◆ Problem statement: The answer is to be the data that follows, transcribed exactly, minus its pictures.
----
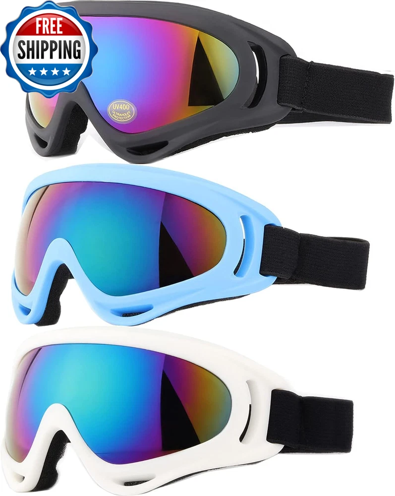 Ski Goggles, Pack of 3 Snowboard Goggles for Kids,Boys,Girls,Youth, Mens Womens PACKAG OF 3-SUITABLE FOR MOST PEOPLE:-YIDOMTO bring you pack of 3 different lens or different color frame. They are perfect suitable for men with small head than normal one, women and kids over 8 years,perfect sets for your family. COMFORTABLE&BREATHABLE AND SAFT:- The PC lens and ABS frames with super toughness protect your face perfectly. The anti-fog groove in both side with breathability can prevent the sweet steaming to fog. Thicken foam make you feel comfortable. VARIOUS USAGE APPLICATION:- Our ski goggles are not only good for ski in the winter days, but also a best choice for you drive, snowboard, go out for hunting, CS Tactical Field, riding your motorcycle or riding the bike in the winter days. DIFFERENT LENS DIFFERENT FUNTIONAL: Multicolor & Grey& Tawny Len are anti-UV and absorb UVA &UVB rays, best choice in sunning day .Yellow Lens can improve the lights, fits using in evening. Transparent provide the best visibility in overcast days. Why you will chose our Yidomto ski goggles Yidomto ski goggles, best partners for skiing or outdoor sports with your family or friends the anti-fog groove in both side with breathability can prevent the sweet steaming to fog. Thicken foam make you feel comfortable. 1.Different lens and different frame for your choice rainbow lens black frame rainbow lens white frame rainbow lens red frame rainbow lens blue frame grey lens black frame transparent lens black frame tawny lens black frame orange lens black frame yellow lens back frame yellow lens-with the effect of improve the lights, fits using in evening. Transparent lenses provide the best visibility in overcast days. Tawny lenses can absorb harmful uva & uvb rays, best choice in sunning day. Perfect package include- pack of 3 ski goggle Usage instruction package includes: Pack of 3 different lens or different frames ski goggles, fit the different demand of your need each package with 3 different lens and different frame, you can change different colors with your mood changes. It is a good choice for your family or friends go out for skiing or snowboard in the winter days. Package of 3-suitable for most people: -Yidomto bring you pack of 3 different lens or different color frame. Perfectly fit your demand of going outdoor sports with your family friends. Part Number glass04 Style Modern Number of Items 3 Item Dimensions LxWxH 8.5 x 5.6 x 3.46 inches Color Multicolor/Grey/Transparent Item Weight 7.68 ounces Material ABS Country of Origin China Package Weight 0.22 Kilograms Sport Type Snow Skiing, Skateboarding Suggested Users Women, Men, Boys, Girls Frame Material Acrylonitrile Butadiene Styrene (ABS) Special Feature Windproof Item Package Dimensions L x W x H 9.21 x 5.39 x 3.03 inches Size One Size Shipping Fast shipping is very important for us. Our standard US shipping service is FREE. Your order will be shipped within 2-3 business days upon full payment received. Your order will be delivered within 2-3 business days after the handling time. We only ship to the confirmed PayPal address. We reserve the right to cancel any order for any reason at any time. We are not responsible for undeliverable addresses. Returns and payment We offer a 30 days return policy from checkout winning date. We allow only PayPal as payment method FeedBack Your feedback very important to us, after you get your package and you are satisfied with our service please leave us positive feedback If you have any problem with your order / any questions please before leave any type of feedback Please visit our eBay store to check out other items for sale! Thank you for shopping at our store.
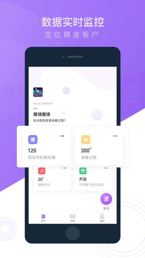 魔镜精灵APP是一个专注为小微商家提供商品管理,客户管理,订单管理,店铺管理的平台。平台依托于线上数据管理,为小微商家提供高效的管理工具,通过自己制定多媒体元素,更全面真实的展现自己,通过新增内容分享到朋友圈,高效整合资源更加精准的寻找客户群体,同时拓展人脉圈。
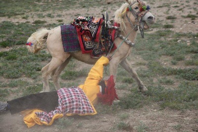 Wenige Serpentinen später eine zweite, nicht minder interessante Aktion. Ein Pferdewettrennen mit Geschicklichkeitsspielen hat mehrere hundert Schaulustige angelockt. Soldaten mit Schild und Schlagstock sind dabei und sollen ein mögliches "Aufbegehren" der Leute unter Kontrolle bringen. Tondrup fragt das Militär, ob wir fotografieren dürfen. Ja, außer den Soldaten.
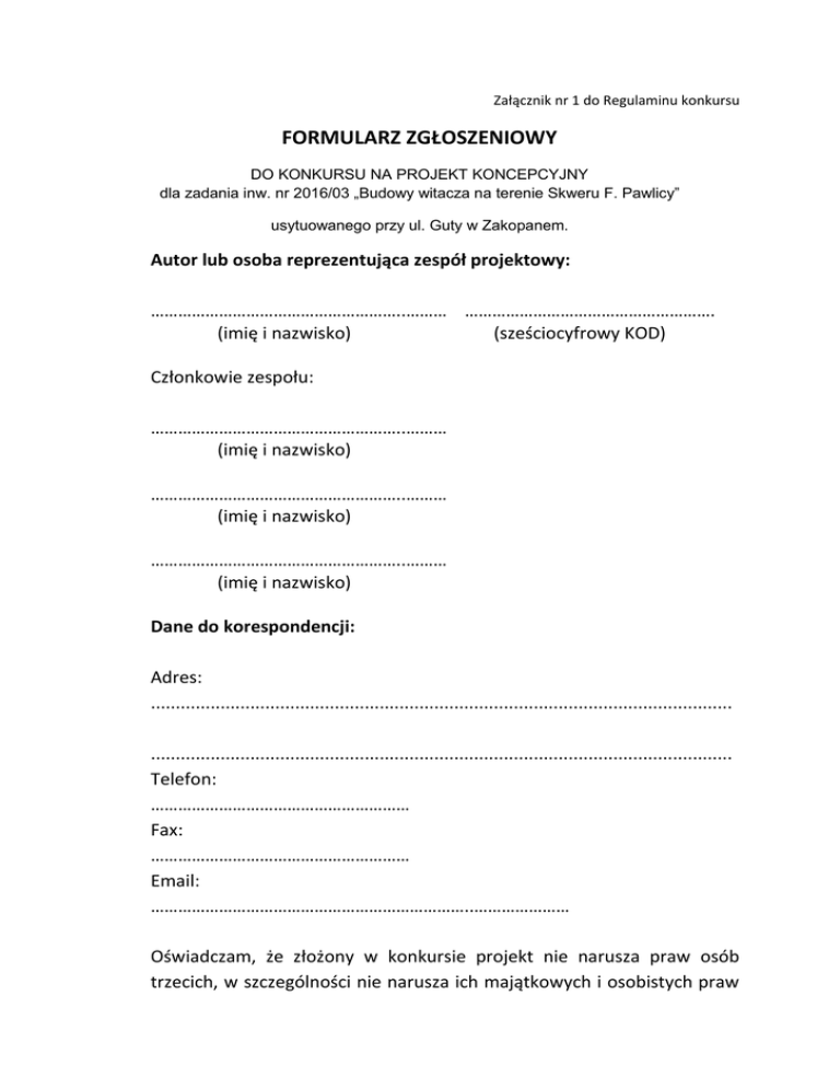Załącznik nr 1 do Regulaminu konkursu FORMULARZ ZGŁOSZENIOWY DO KONKURSU NA PROJEKT KONCEPCYJNY dla zadania inw. nr 2016/03 „Budowy witacza na terenie Skweru F. Pawlicy” usytuowanego przy ul. Guty w Zakopanem. Autor lub osoba reprezentująca zespół projektowy: ………………………………………………..……… ………………………………………………. (imię i nazwisko) (sześciocyfrowy KOD) Członkowie zespołu: ………………………………………………..……… (imię i nazwisko) ………………………………………………..……… (imię i nazwisko) ………………………………………………..……… (imię i nazwisko) Dane do korespondencji: Adres: ..................................................................................................................... ..................................................................................................................... Telefon: ………………………………………………… Fax: ………………………………………………… Email: ……………………………………………………………..………………… Oświadczam, że złożony w konkursie projekt nie narusza praw osób trzecich, w szczególności nie narusza ich majątkowych i osobistych praw autorskich, ani obowiązujących przepisów prawa oraz ponoszę pełną i wyłączną odpowiedzialność w przypadku stwierdzenia takich naruszeń. Oświadczam również, że przedstawiona praca konkursowa nie brała udziału w żadnym innym konkursie. Oświadczam, że w przypadku uzyskania nagrody wyrażam zgodę na przeniesienie autorskich praw majątkowych do pracy konkursowej na wszelkich dostępnych polach eksploatacji wynikających z treści art. 50 ustawy z dnia 4 lutego 1994 r. o prawie autorskim i prawach pokrewnych (Dz. U. z 2006 r., nr 90, poz. 631 z późn. zm.). …………………………………….. miejscowość, data ……………………………………………. czytelny podpis osoby uprawnionej
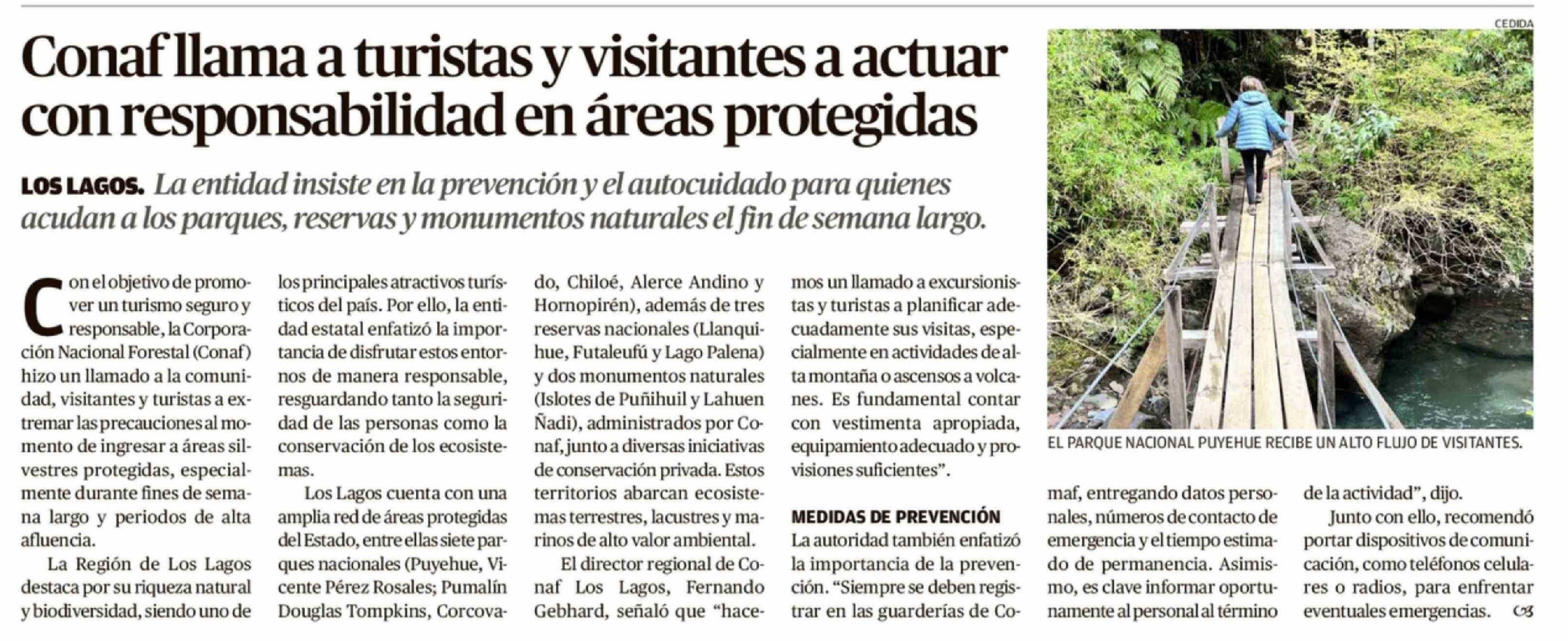Título: Conaf llama a turistas y visitantes a actuar con responsabilidad en áreas protegidas
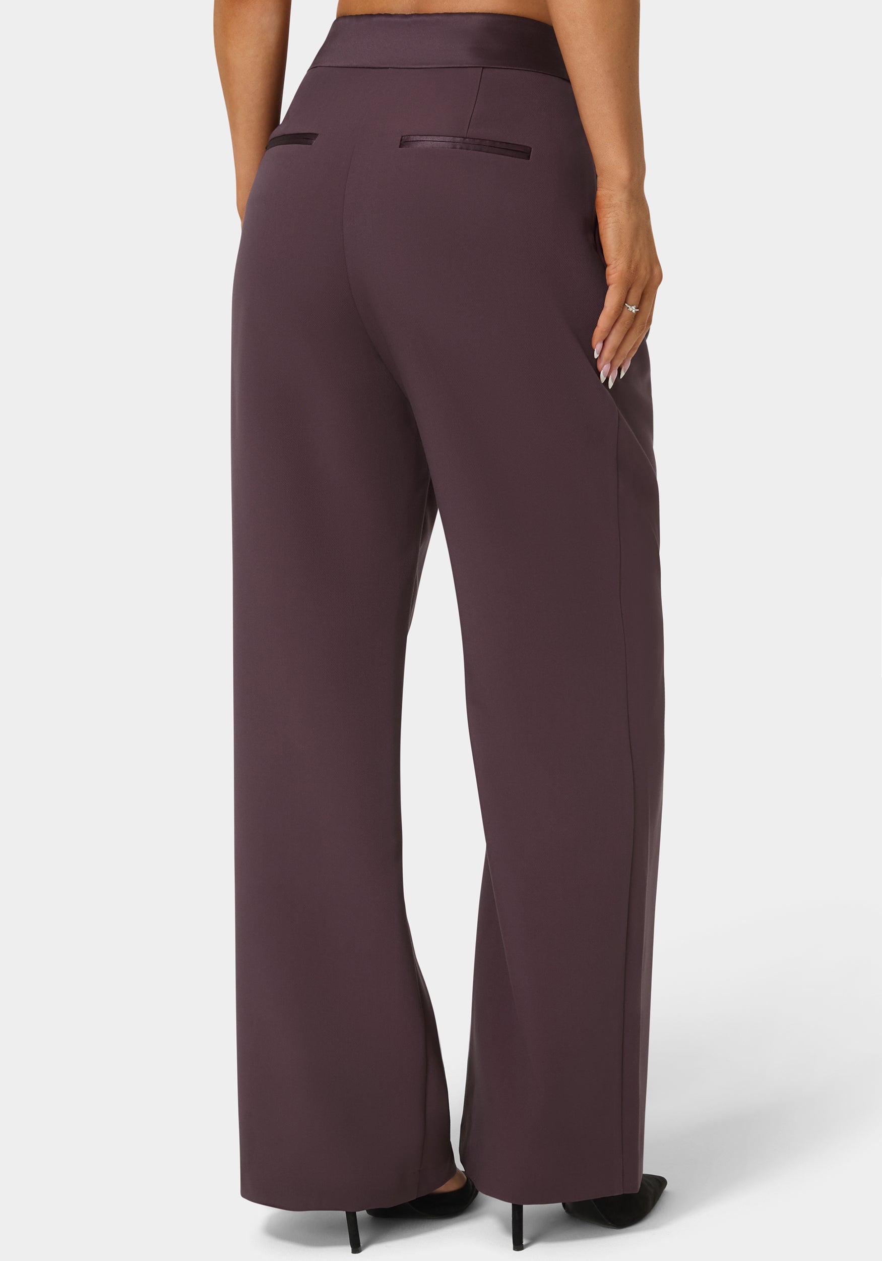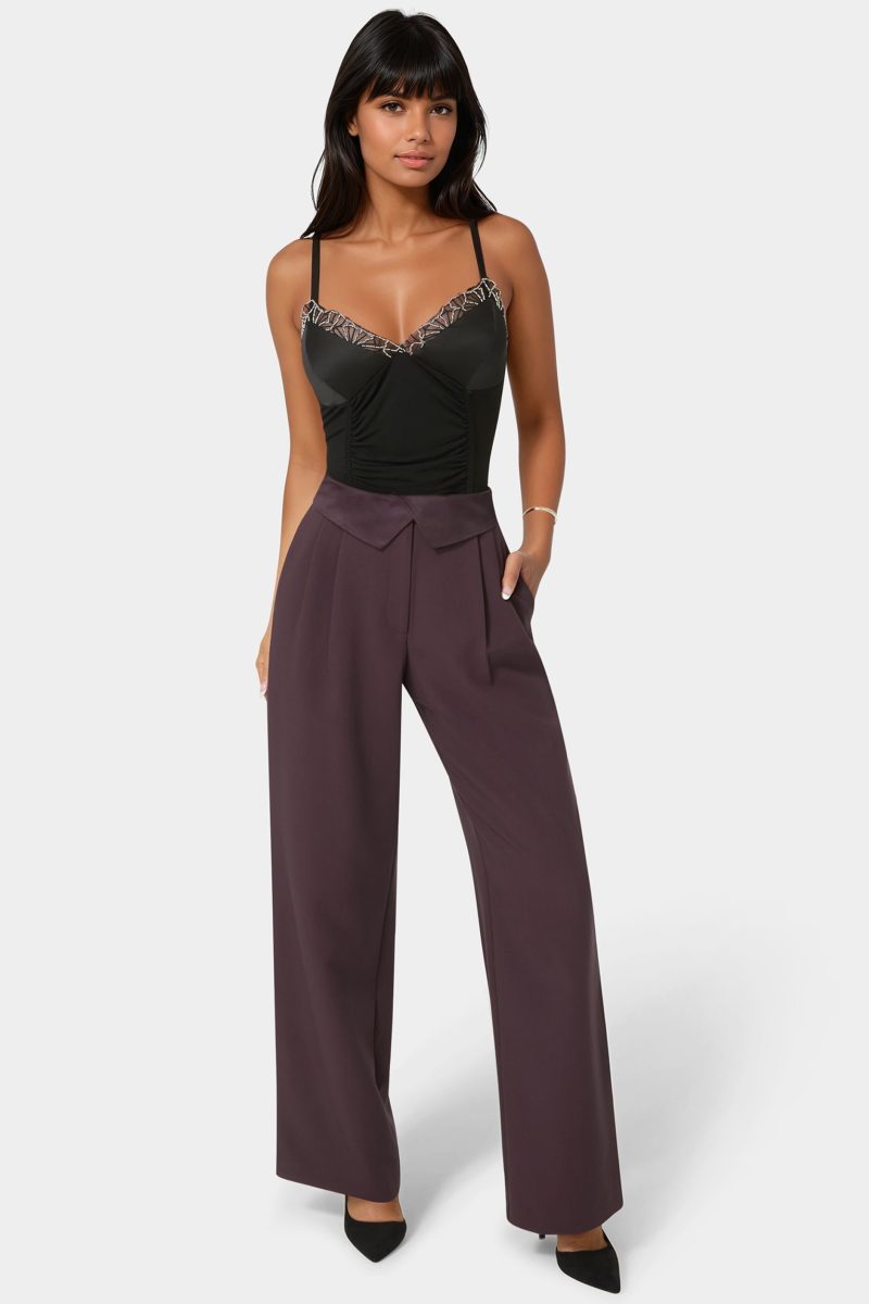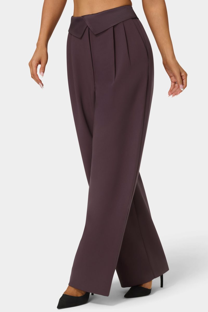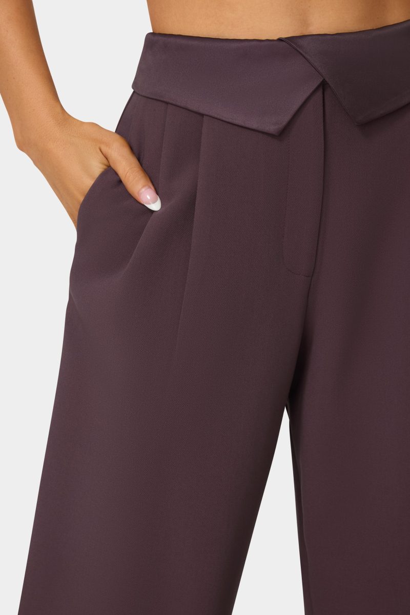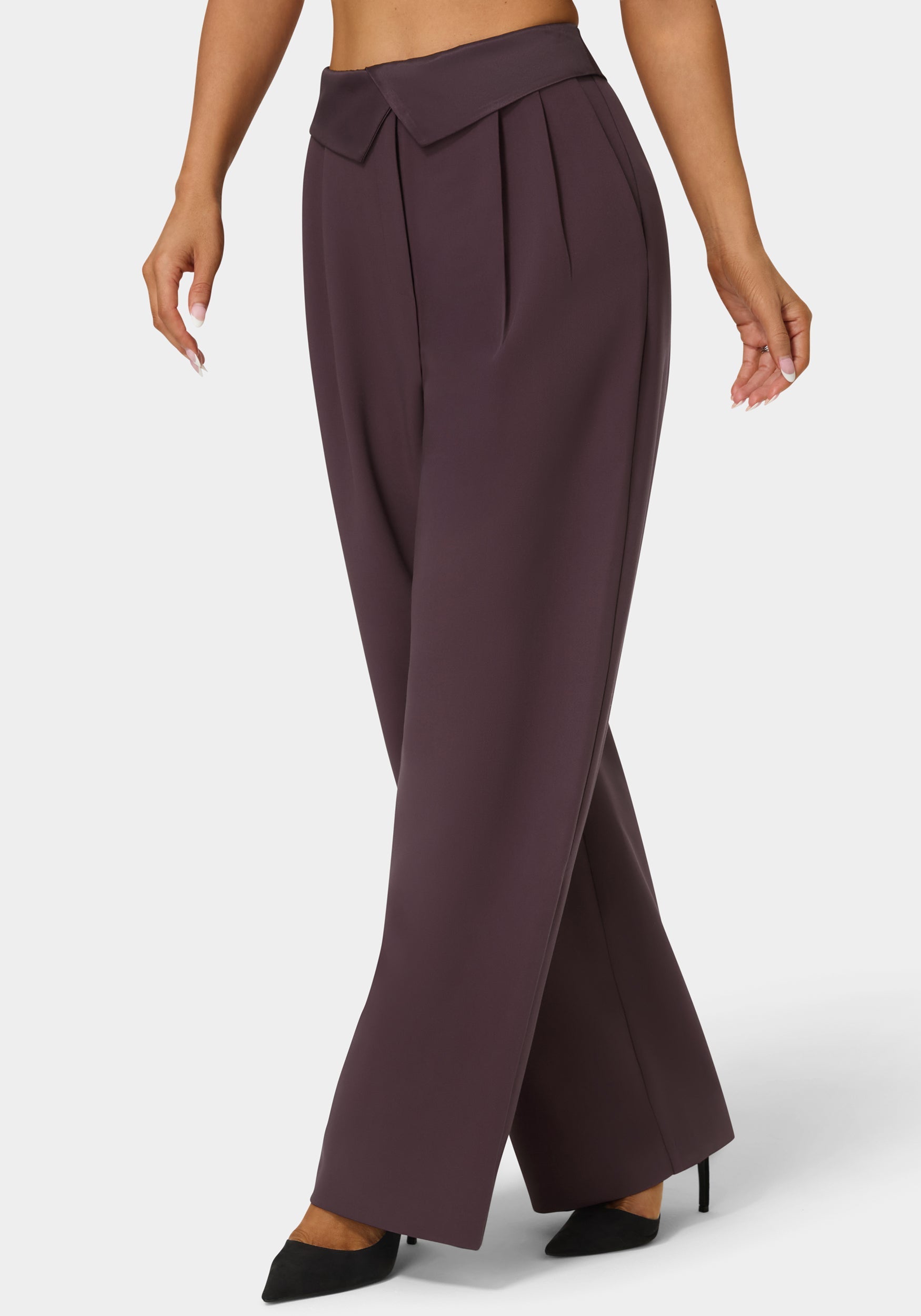 Wide-leg silhouette with folded waistband detail fits with ease for polished luncheons or professional day-to-night transitions.
----
◆ Your response:
 Ski Goggles, Pack of 3 Snowboard Goggles for Kids,Boys,Girls,Youth, Mens Womens PACKAG OF 3-SUITABLE FOR MOST PEOPLE:-YIDOMTO bring you pack of 3 different lens or different color frame. They are perfect suitable for men with small head than normal one, women and kids over 8 years,perfect sets for your family. COMFORTABLE&BREATHABLE AND SAFT:- The PC lens and ABS frames with super toughness protect your face perfectly. The anti-fog groove in both side with breathability can prevent the sweet steaming to fog. Thicken foam make you feel comfortable. VARIOUS USAGE APPLICATION:- Our ski goggles are not only good for ski in the winter days, but also a best choice for you drive, snowboard, go out for hunting, CS Tactical Field, riding your motorcycle or riding the bike in the winter days. DIFFERENT LENS DIFFERENT FUNTIONAL: Multicolor & Grey& Tawny Len are anti-UV and absorb UVA &UVB rays, best choice in sunning day .Yellow Lens can improve the lights, fits using in evening. Transparent provide the best visibility in overcast days. Why you will chose our Yidomto ski goggles Yidomto ski goggles, best partners for skiing or outdoor sports with your family or friends the anti-fog groove in both side with breathability can prevent the sweet steaming to fog. Thicken foam make you feel comfortable. 1.Different lens and different frame for your choice rainbow lens black frame rainbow lens white frame rainbow lens red frame rainbow lens blue frame grey lens black frame transparent lens black frame tawny lens black frame orange lens black frame yellow lens back frame yellow lens-with the effect of improve the lights, fits using in evening. Transparent lenses provide the best visibility in overcast days. Tawny lenses can absorb harmful uva & uvb rays, best choice in sunning day. Perfect package include- pack of 3 ski goggle Usage instruction package includes: Pack of 3 different lens or different frames ski goggles, fit the different demand of your need each package with 3 different lens and different frame, you can change different colors with your mood changes. It is a good choice for your family or friends go out for skiing or snowboard in the winter days. Package of 3-suitable for most people: -Yidomto bring you pack of 3 different lens or different color frame. Perfectly fit your demand of going outdoor sports with your family friends. Part Number glass04 Style Modern Number of Items 3 Item Dimensions LxWxH 8.5 x 5.6 x 3.46 inches Color Multicolor/Grey/Transparent Item Weight 7.68 ounces Material ABS Country of Origin China Package Weight 0.22 Kilograms Sport Type Snow Skiing, Skateboarding Suggested Users Women, Men, Boys, Girls Frame Material Acrylonitrile Butadiene Styrene (ABS) Special Feature Windproof Item Package Dimensions L x W x H 9.21 x 5.39 x 3.03 inches Size One Size Shipping Fast shipping is very important for us. Our standard US shipping service is FREE. Your order will be shipped within 2-3 business days upon full payment received. Your order will be delivered within 2-3 business days after the handling time. We only ship to the confirmed PayPal address. We reserve the right to cancel any order for any reason at any time. We are not responsible for undeliverable addresses. Returns and payment We offer a 30 days return policy from checkout winning date. We allow only PayPal as payment method FeedBack Your feedback very important to us, after you get your package and you are satisfied with our service please leave us positive feedback If you have any problem with your order / any questions please before leave any type of feedback Please visit our eBay store to check out other items for sale! Thank you for shopping at our store.
 魔镜精灵APP是一个专注为小微商家提供商品管理,客户管理,订单管理,店铺管理的平台。平台依托于线上数据管理,为小微商家提供高效的管理工具,通过自己制定多媒体元素,更全面真实的展现自己,通过新增内容分享到朋友圈,高效整合资源更加精准的寻找客户群体,同时拓展人脉圈。
 Wenige Serpentinen später eine zweite, nicht minder interessante Aktion. Ein Pferdewettrennen mit Geschicklichkeitsspielen hat mehrere hundert Schaulustige angelockt. Soldaten mit Schild und Schlagstock sind dabei und sollen ein mögliches "Aufbegehren" der Leute unter Kontrolle bringen. Tondrup fragt das Militär, ob wir fotografieren dürfen. Ja, außer den Soldaten.
Załącznik nr 1 do Regulaminu konkursu FORMULARZ ZGŁOSZENIOWY DO KONKURSU NA PROJEKT KONCEPCYJNY dla zadania inw. nr 2016/03 „Budowy witacza na terenie Skweru F. Pawlicy” usytuowanego przy ul. Guty w Zakopanem. Autor lub osoba reprezentująca zespół projektowy: ………………………………………………..……… ………………………………………………. (imię i nazwisko) (sześciocyfrowy KOD) Członkowie zespołu: ………………………………………………..……… (imię i nazwisko) ………………………………………………..……… (imię i nazwisko) ………………………………………………..……… (imię i nazwisko) Dane do korespondencji: Adres: ..................................................................................................................... ..................................................................................................................... Telefon: ………………………………………………… Fax: ………………………………………………… Email: ……………………………………………………………..………………… Oświadczam, że złożony w konkursie projekt nie narusza praw osób trzecich, w szczególności nie narusza ich majątkowych i osobistych praw autorskich, ani obowiązujących przepisów prawa oraz ponoszę pełną i wyłączną odpowiedzialność w przypadku stwierdzenia takich naruszeń. Oświadczam również, że przedstawiona praca konkursowa nie brała udziału w żadnym innym konkursie. Oświadczam, że w przypadku uzyskania nagrody wyrażam zgodę na przeniesienie autorskich praw majątkowych do pracy konkursowej na wszelkich dostępnych polach eksploatacji wynikających z treści art. 50 ustawy z dnia 4 lutego 1994 r. o prawie autorskim i prawach pokrewnych (Dz. U. z 2006 r., nr 90, poz. 631 z późn. zm.). …………………………………….. miejscowość, data ……………………………………………. czytelny podpis osoby uprawnionej
Título: Conaf llama a turistas y visitantes a actuar con responsabilidad en áreas protegidas
 Wide-leg silhouette with folded waistband detail fits with ease for polished luncheons or professional day-to-night transitions.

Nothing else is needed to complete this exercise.